Inside this lofty temple of breezy, white-painted woods, exposed rafters, and brassy accents, an elegant modern French restaurant hums. It's not elegant just because of the postcard bar with its smooth hewn-rock top and plant leaves jutting from atop the brass back bar. Francine unites coastal French cooking with strong influences from Spain and southern Italy, the dishes ranging from old to new. Brian Archibald cooks them with a true hand. Some of his highlights are a citrus-touched crab ravioli and a whole branzino baked in a salt crust. Archibald prepares textbook panisse, the classic French chickpea cake, but also mixes it up with dishes such as wood-roasted octopus with chorizo. In 2021, lots of French dining can feel sleepy, but Francine delivers a pleasant, galvanizing shock.

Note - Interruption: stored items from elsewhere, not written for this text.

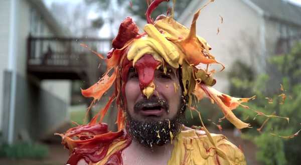 (VTC News) - Đồ ăn trút như mưa xuống đầu chàng trai đang đứng yên, từ bánh, sữa rồi xúc xích, kẹo, mỳ Ý, thịt viên, kem...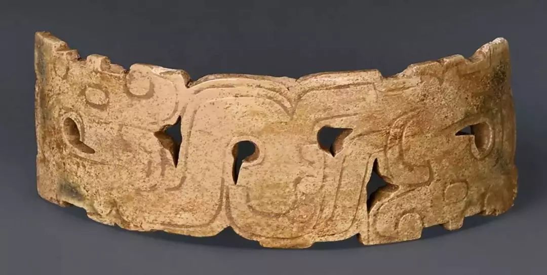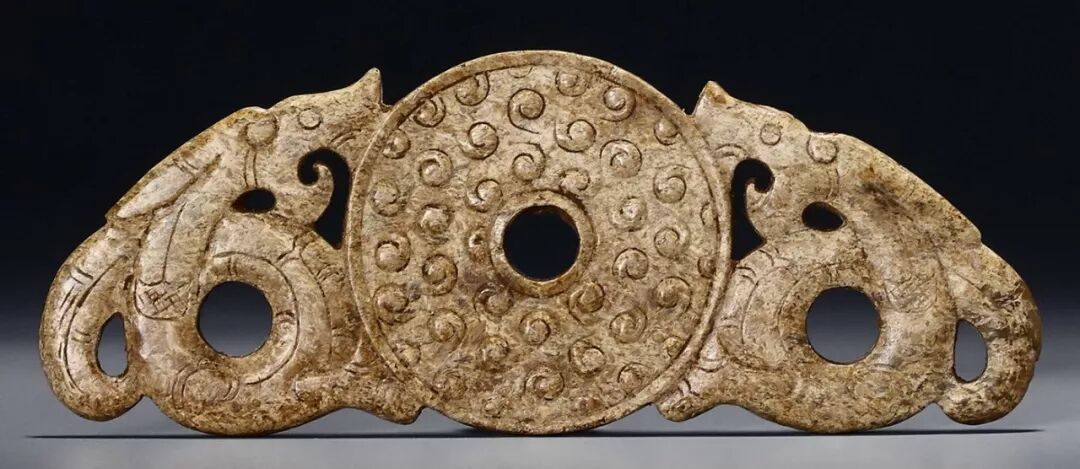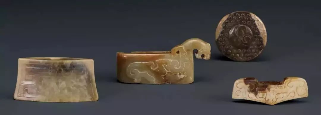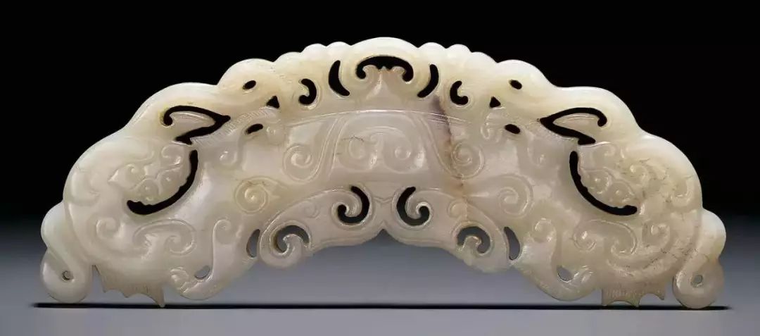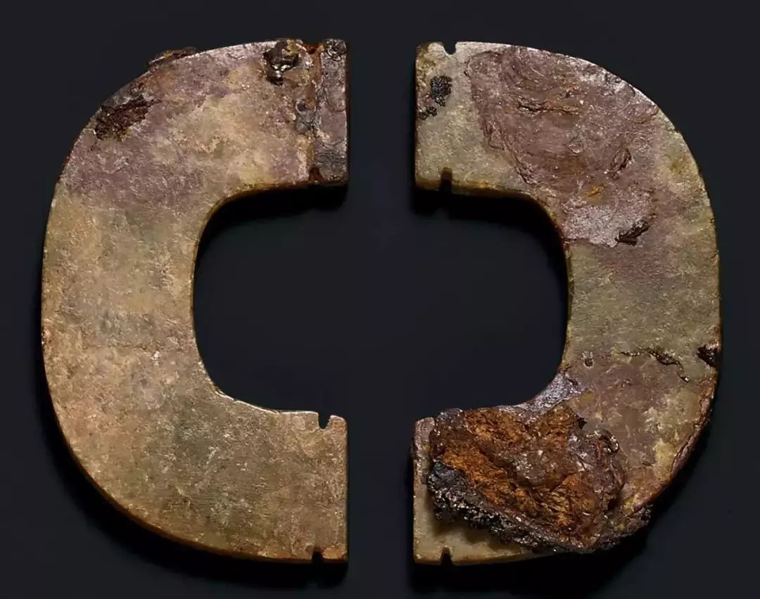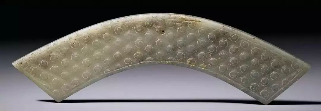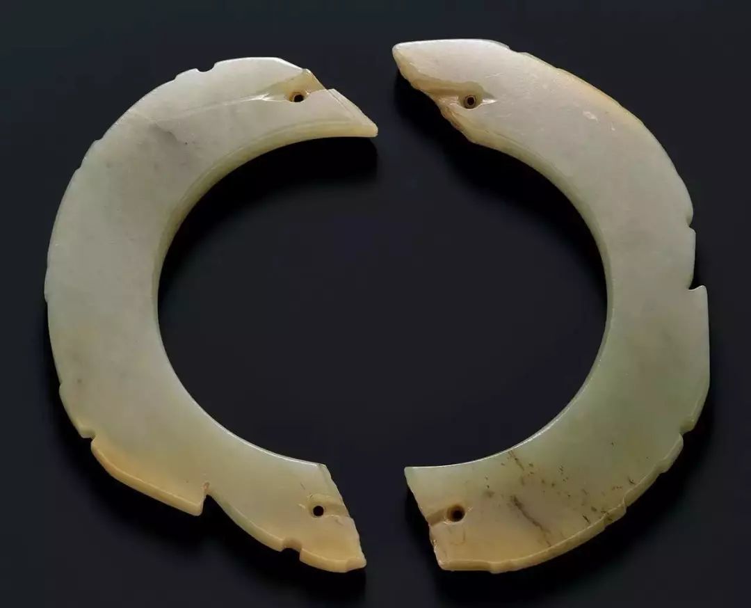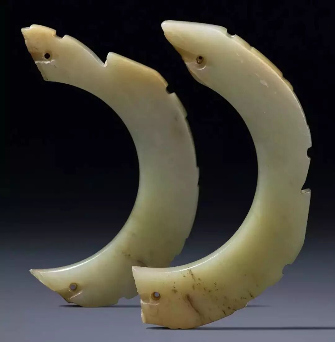 东汉时期,由于政治动荡,玉璜作为礼器制作规模和数量渐衰微,此时玉璜,开始与玉觹、玉韘一起,逐步变形为佩。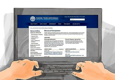 Go to the FTC's Bureau of Competition website. When federal antitrust laws are at issue, you will need to report to a federal agency. One of the main federal enforcement agencies is the FTC's Bureau of Competition. The Bureau of Competition has the power to investigate complaints and bring federal lawsuits against alleged lawbreakers. The FTC will handle most of the administrative complaints and complaints that lead to civil litigation. They will consult with the DOJ's Antitrust Division before opening any investigation. To start the FTC complaint process, visit the Competition Bureau's reporting website.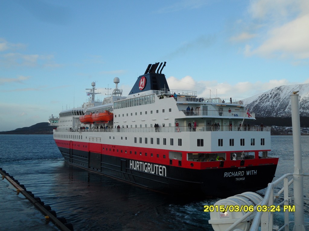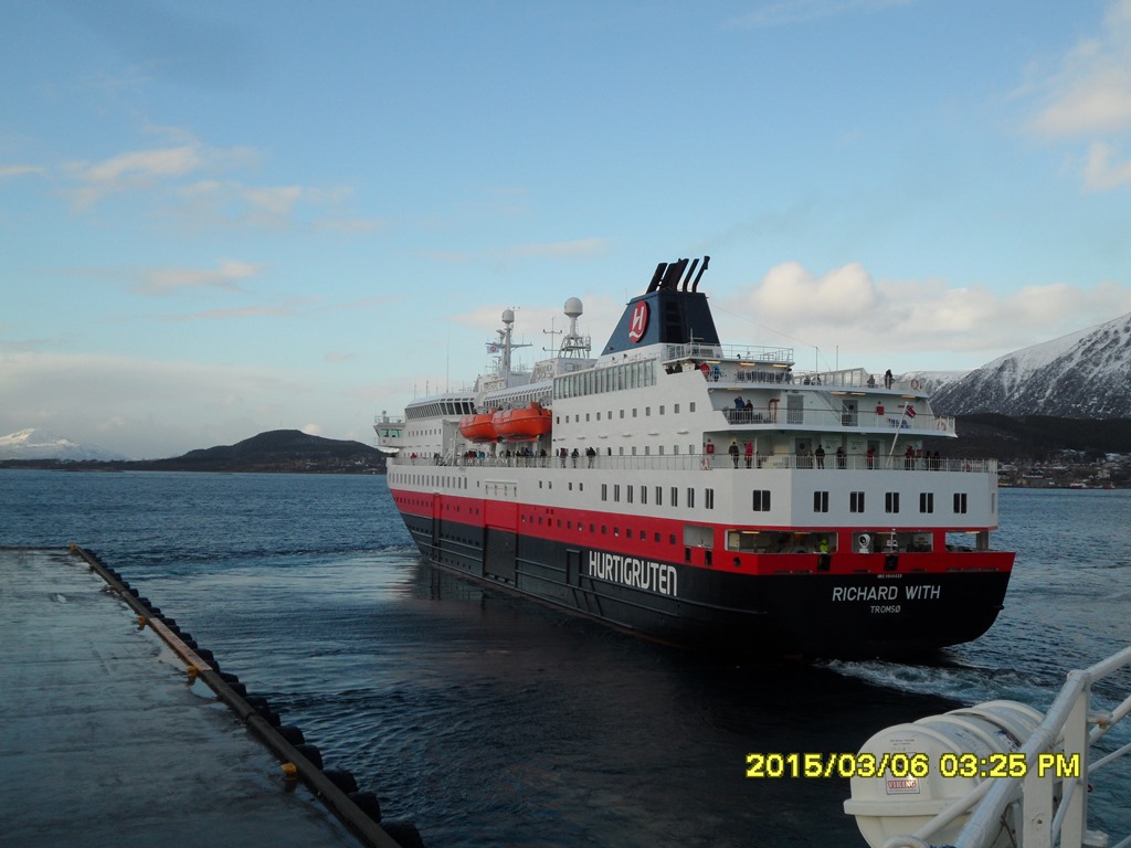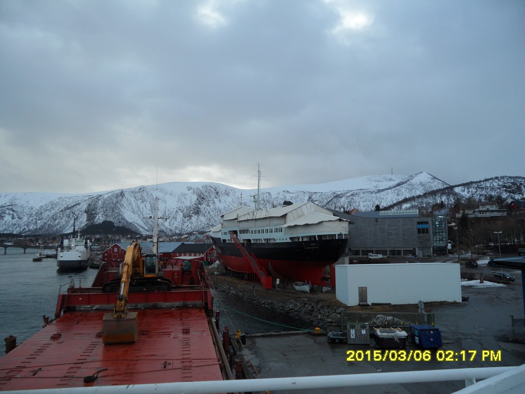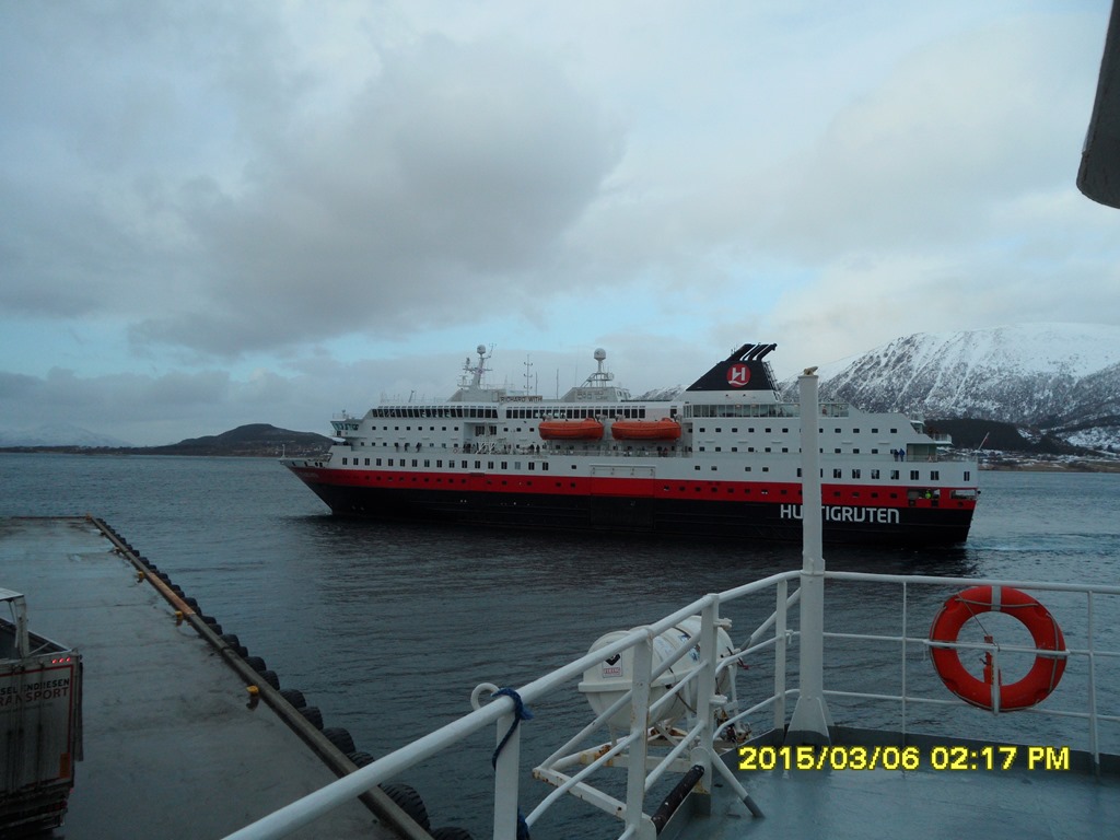 07:20 Förtöjda på Stokmarknes och strax efter kommer reparatörerna som skall fixa bogpropellern. Det tar dem ca 4-5 timmar att sätta ihop allt och nu har vi bogpropeller igen.

Chef Gio Osso's restaurant serves funky amari flights. Gnocchi rolled with mesquite flour. Mains like duck breast in black garlic soubise. His skill and point of view in the Italian food arena would be unique for anywhere, and they certainly bring something to greater Phoenix's somewhat staid Italian food scene. Diners enjoy his fare at an intimate courtyard flanking a boutique inn, white tablecloths under string lights. The menu changes all the time. At any given moment, there are usually just a few pastas. He'll never cook, say, a classic like amatriciana. As with his take on grilled octopus, one highlighting fennel, chickpeas, and Calabrese chile butter, there's always some nice modern wrinkle.
Who eats in this Cuban cafeteria in far west Phoenix? Cab drivers. Quiet regulars. People who know the proprietor and watch TV while they wolf down pork steak and flan. The food awaits in warming tins. It is ladled in its fully saucy glory onto your plate, juices running to the rim. The ropa vieja is excellent, the tender braided strings of long-stewed beef sopping with peppery juices. Oxtails are wildly decadent and so slide-apart that they cave under your fork with the most minimal pressure. Even the black beans are fire. This is the kind of Cuban cafeteria you'd expect in New York or Miami, so we're thrilled Fe La Cubana calls Arizona home.

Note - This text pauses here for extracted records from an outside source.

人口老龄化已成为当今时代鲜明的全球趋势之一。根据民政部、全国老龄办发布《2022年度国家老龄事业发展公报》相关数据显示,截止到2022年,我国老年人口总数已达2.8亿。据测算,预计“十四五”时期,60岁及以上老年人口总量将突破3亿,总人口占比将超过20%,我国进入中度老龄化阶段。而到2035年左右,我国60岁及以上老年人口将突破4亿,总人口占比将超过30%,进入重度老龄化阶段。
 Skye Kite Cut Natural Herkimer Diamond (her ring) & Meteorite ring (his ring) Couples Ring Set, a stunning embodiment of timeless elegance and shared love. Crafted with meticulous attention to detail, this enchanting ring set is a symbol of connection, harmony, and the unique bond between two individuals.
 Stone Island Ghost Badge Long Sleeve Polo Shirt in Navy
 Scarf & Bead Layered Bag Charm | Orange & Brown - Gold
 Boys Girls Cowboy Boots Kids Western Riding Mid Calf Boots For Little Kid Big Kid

It sounds like a tree breaking in half — ripping down the middle with a deafening crack. But it's just Brian Webb hacking the head off a full mahogany-lacquered pig with a cleaver. Webb's lechon baboy is serious business. He turns the pig for hours over live charcoal, as he learned to from his wife Margita Webb's family in Lapu Lapu City, in the Philippines. Lemongrass and garlic perfume the meat, tender but for the pieces with crackly bits of skin. At PHX Lechon Roasters, the Webbs also cook to-go meals (on some occasions), including whole kamayan dinners with edible gems like lumpia rich with pork and fried spareribs. Their ube pandesal, soft purple dinner rolls oozing molten cheese, are among the most comforting bites around.